Bug 523905
Created attachment 361430 [details]
/var/log/messages
Created attachment 361432 [details]
startx output
Just crashed again. This time the stack trace is a little different: Backtrace: 0: /usr/bin/X (xorg_backtrace+0x3c) [0x80a3c8c] 1: /usr/bin/X (0x8048000+0x5f4b6) [0x80a74b6] 2: (vdso) (__kernel_rt_sigreturn+0x0) [0x23240c] 3: /usr/bin/X (dixLookupPrivate+0x24) [0x8088f14] 4: /usr/bin/X (FreePicture+0x7f) [0x810f14f] 5: /usr/bin/X (FreeResource+0x112) [0x808c592] 6: /usr/bin/X (0x8048000+0xcef93) [0x8116f93] 7: /usr/bin/X (0x8048000+0xc9b44) [0x8111b44] 8: /usr/bin/X (0x8048000+0x26137) [0x806e137] 9: /usr/bin/X (0x8048000+0x1a885) [0x8062885] 10: /lib/libc.so.6 (__libc_start_main+0xe6) [0x3d0b36] 11: /usr/bin/X (0x8048000+0x1a471) [0x8062471] Segmentation fault at address 0x150 Fatal server error: Caught signal 11 (Segmentation fault).
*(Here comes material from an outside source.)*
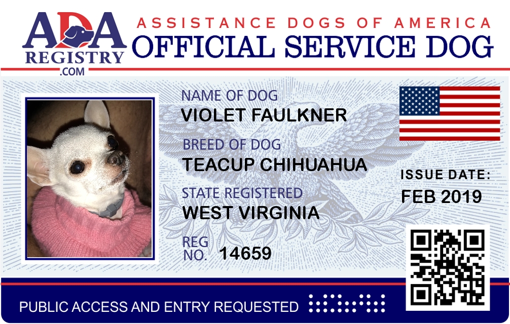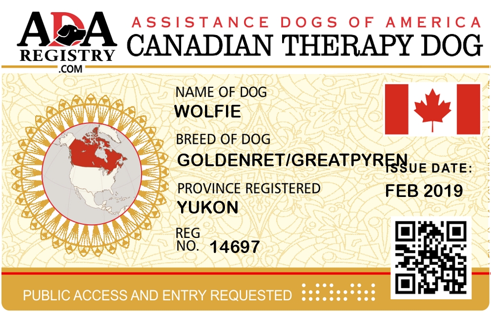 Therapy Dog Registration for Wolfie REVOKED FOR FRAUD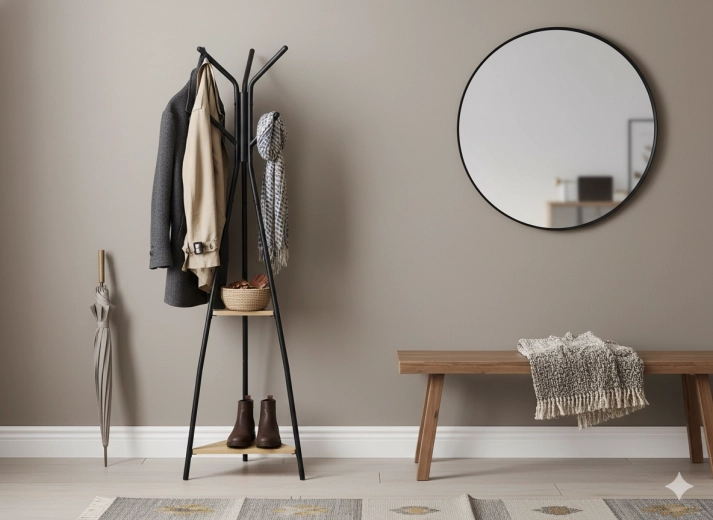 Stratégiailag elhelyezett akasztók a kabátoknak, sálaknak és táskáknak – minden kéznél van, gyűrődés nélkül.

Server aborting Created attachment 361448 [details]
xorg.conf
Created attachment 361579 [details]
stack trace with symbolic info
Created attachment 361618 [details]
Another stack trace with symbols
After this crash, the o/s was still working, and I could shutdown gracefully.
Comment on attachment 361579 [details]
stack trace with symbolic info
After this crash (gdb_log.2214), the o/s had locked up hard, and I had to forcibly power off.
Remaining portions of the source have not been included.